2018-09-24 09:53:56,171 [Datanode State Machine Thread - 0] INFO - Starting 
XceiverServerRatis 9348f4cb-0bd3-41e7-b1c6-c22463a20c09 at port 9858
2018-09-24 09:53:56,193 [Datanode State Machine Thread - 0] ERROR - Unable to 
start the DatanodeState Machine
java.io.IOException: Premature EOF from inputStream
 at org.apache.ratis.util.IOUtils.readFully(IOUtils.java:100)
 at org.apache.ratis.server.storage.LogReader.decodeEntry(LogReader.java:250)

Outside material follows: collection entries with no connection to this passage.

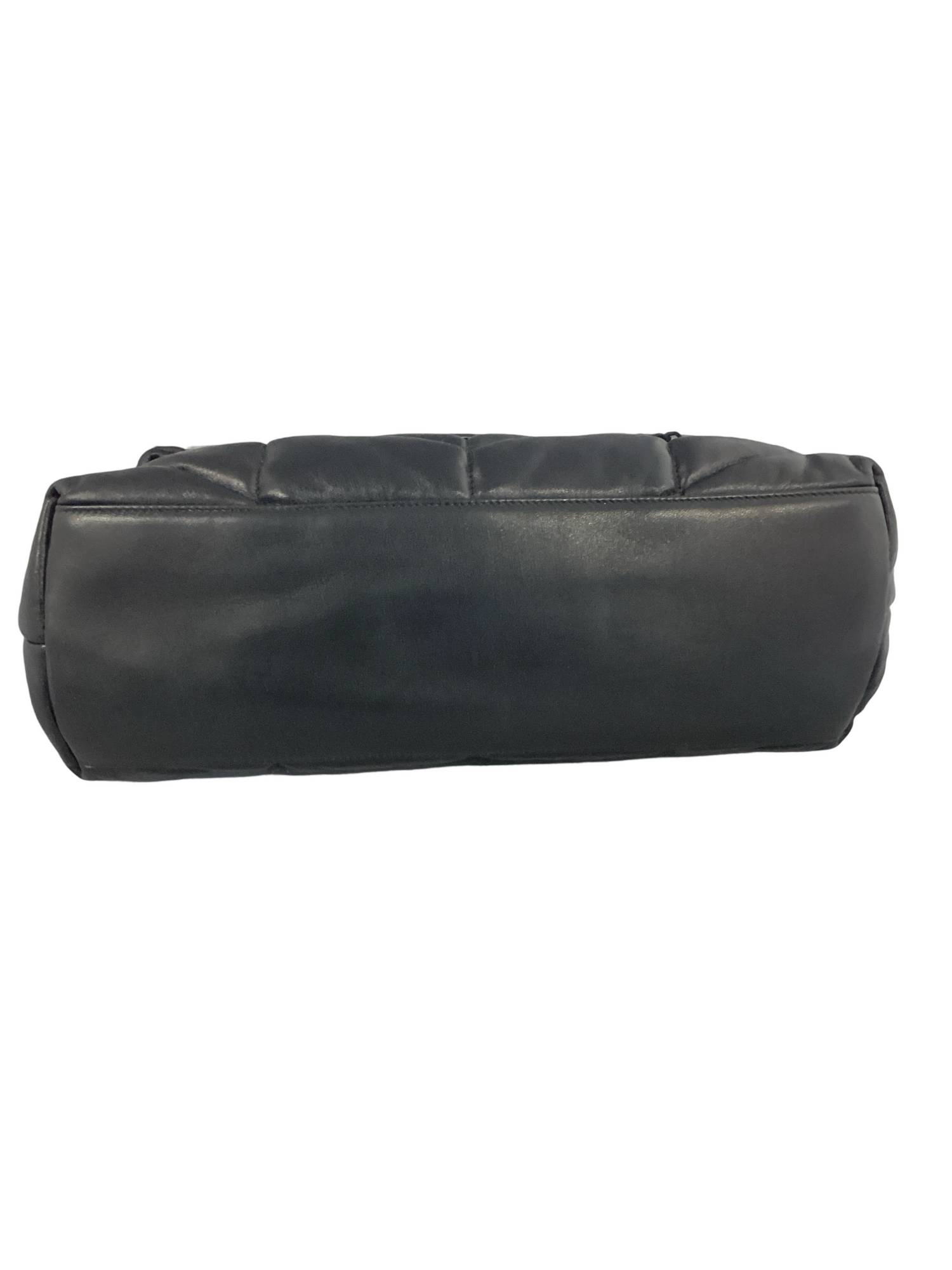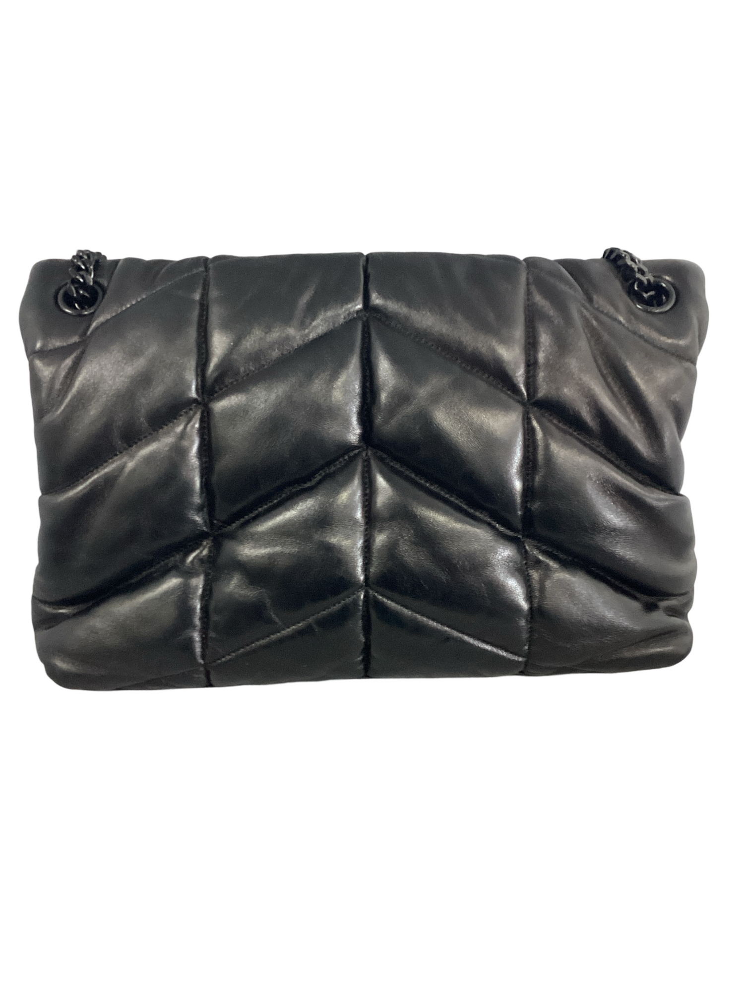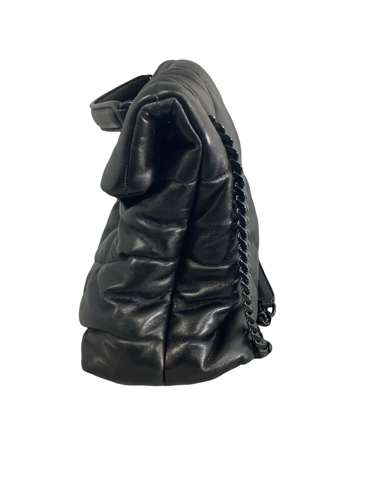 Yves Saint Laurent Medium Loulou Puffer Monogram Chain Satchel with black hardware, a quilted lambskin leather in black, black chain-link shoulder straps with black leather shoulder pads, a front flap snap closure and features a prominent YSL monogram detail. Interior features and a black fabric interior with a zipper pocket.
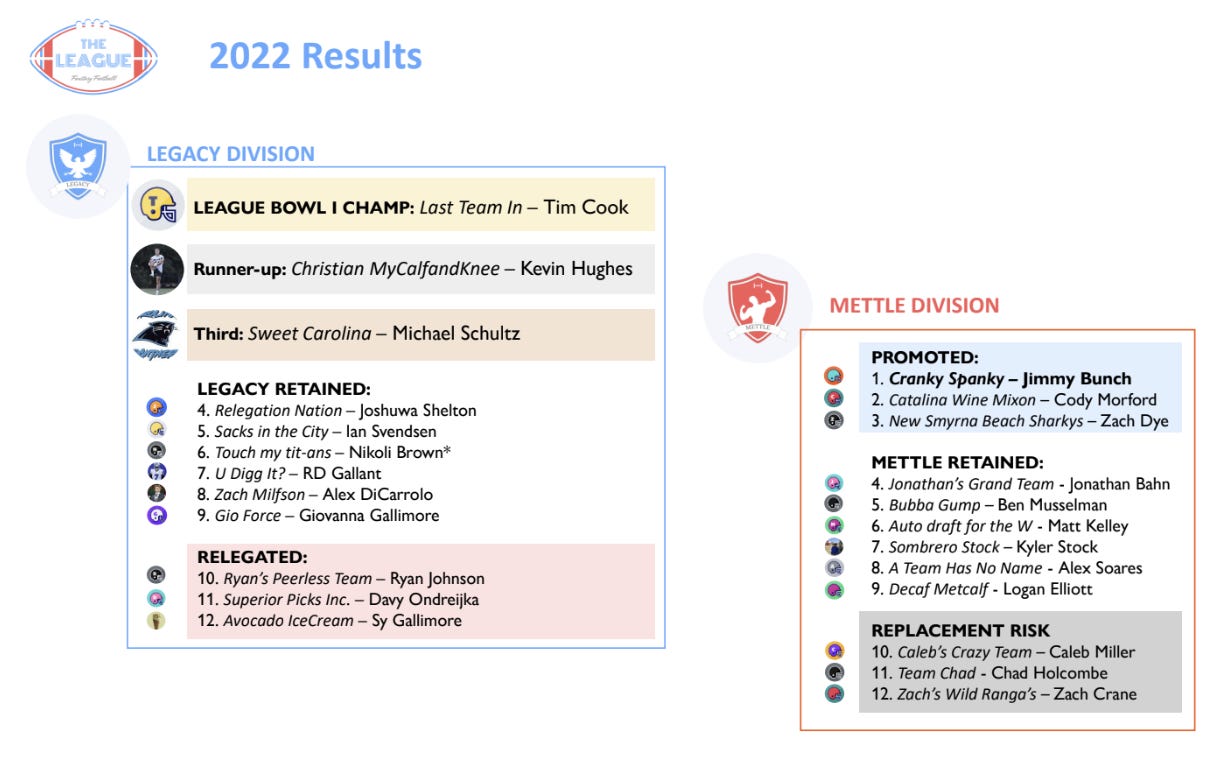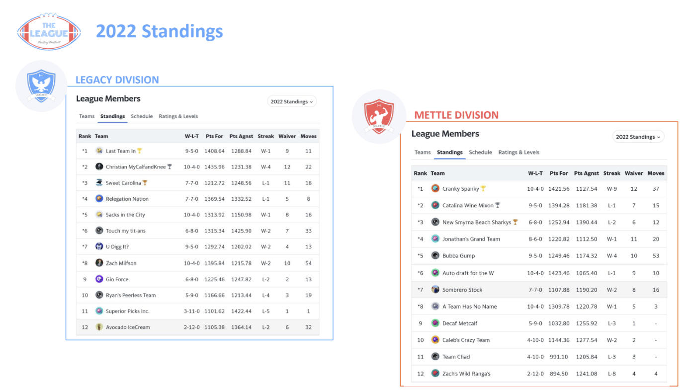 This system works. The folks that didn’t play (evidenced particularly by the far right column of the Mettle Division standings below) all finished last and face possible expulsion from the league. Legacy Division saw a 9th seed race to avoid relegation come down to the final week. The league overall was competitive. No teams cracked 11 wins, and despite my best efforts, no team had less than 2 wins.
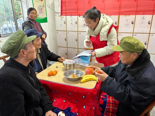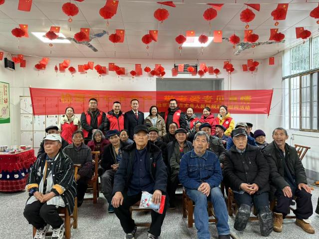 县医院的志愿者为老人量血压、测血糖等,同时对高血压、冠心病等常见慢性病的预防和控制进行讲解,指导老年人健康饮食、适度运动,保持心情愉悦身体健康。
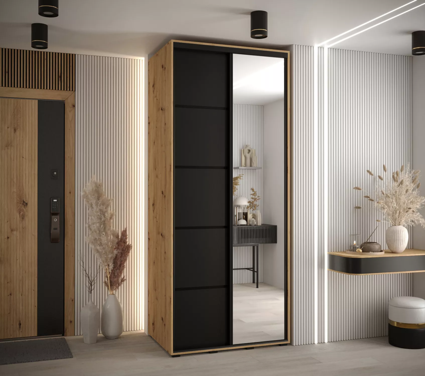Šatní skříň ASIRI 5 - 110/60 cm, dub artisan / černá / černá
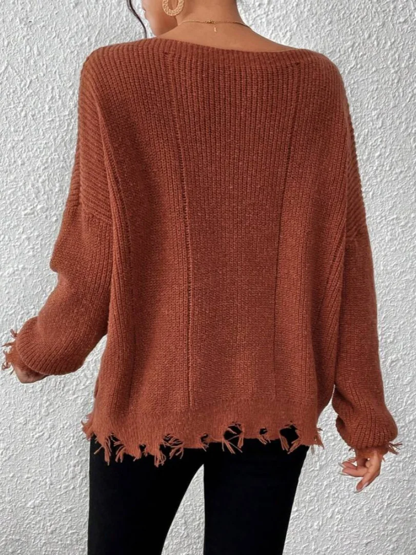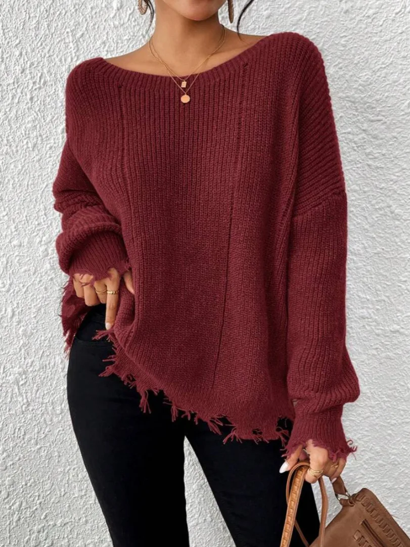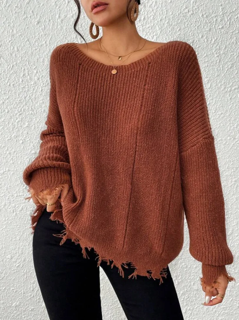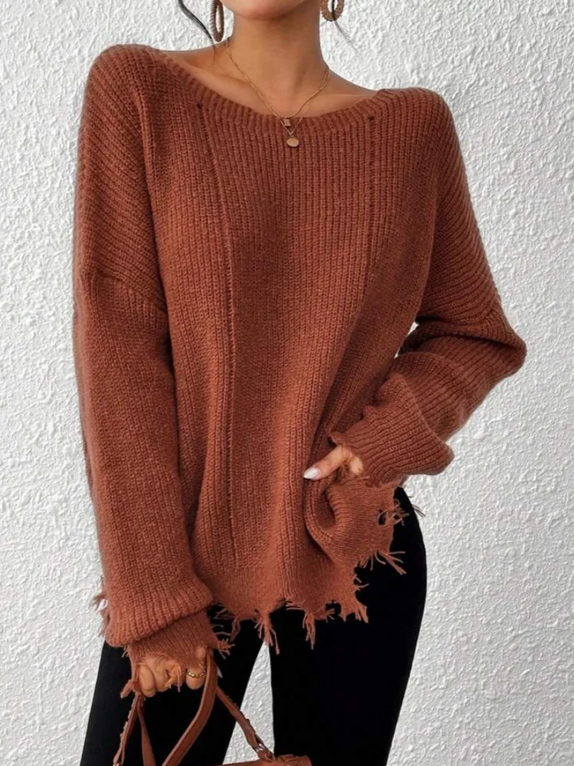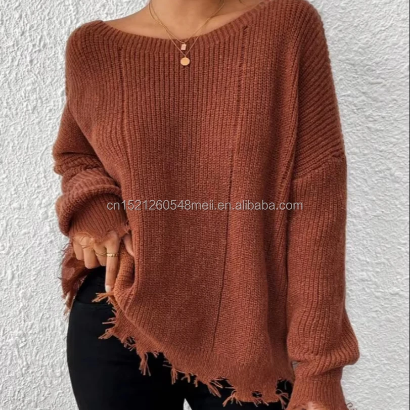 Women's Autumns Fashion Versatile Knitted Pullover Sweater Solid Color Tassels Long for Europe United States Cross-Border Amazon
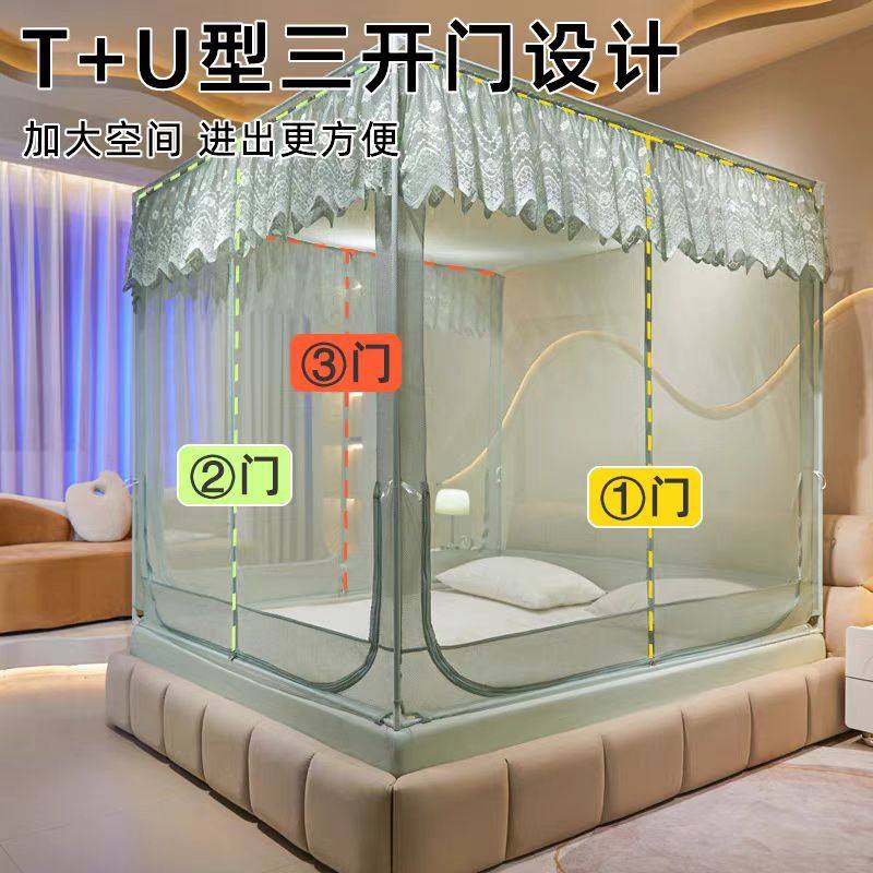 新款 蚊帐1.8米1.0m支架1.2m1.5米家用纹帐三开门卧室落地加粗防蚊
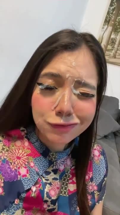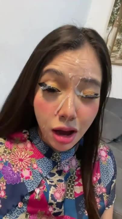 Смазливая девушка получает желанную сперму на своё лицо.
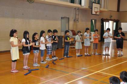 3年生は最初に「小さな世界」を,楽しそうに歌いました。続いて3年生になって初めて習ったリコーダーを全員が使って,「笛星人」の演奏をしました。最後にリコーダーのほかにトライアングルと鈴を入れて,「笛星人」の合奏をしました。3年生の子どもたち一人一人は,リコーダーの演奏が段々と上手になってきているようです。

 at org.apache.ratis.server.storage.LogReader.readEntry(LogReader.java:155)
 at 
org.apache.ratis.server.storage.LogInputStream.nextEntry(LogInputStream.java:128)
 at 
org.apache.ratis.server.storage.LogSegment.readSegmentFile(LogSegment.java:110)
 at org.apache.ratis.server.storage.LogSegment.loadSegment(LogSegment.java:132)
 at 
org.apache.ratis.server.storage.RaftLogCache.loadSegment(RaftLogCache.java:110)
 at 
org.apache.ratis.server.storage.SegmentedRaftLog.loadLogSegments(SegmentedRaftLog.java:155)
 at 
org.apache.ratis.server.storage.SegmentedRaftLog.open(SegmentedRaftLog.java:123)
 at org.apache.ratis.server.impl.ServerState.initLog(ServerState.java:162)
 at org.apache.ratis.server.impl.ServerState.<init>(ServerState.java:110)
 at org.apache.ratis.server.impl.RaftServerImpl.<init>(RaftServerImpl.java:106)
 at 
org.apache.ratis.server.impl.RaftServerProxy.lambda$newRaftServerImpl$0(RaftServerProxy.java:191)
 at 
java.util.concurrent.CompletableFuture$AsyncSupply.run(CompletableFuture.java:1590)
 at 
java.util.concurrent.CompletableFuture$AsyncSupply.exec(CompletableFuture.java:1582)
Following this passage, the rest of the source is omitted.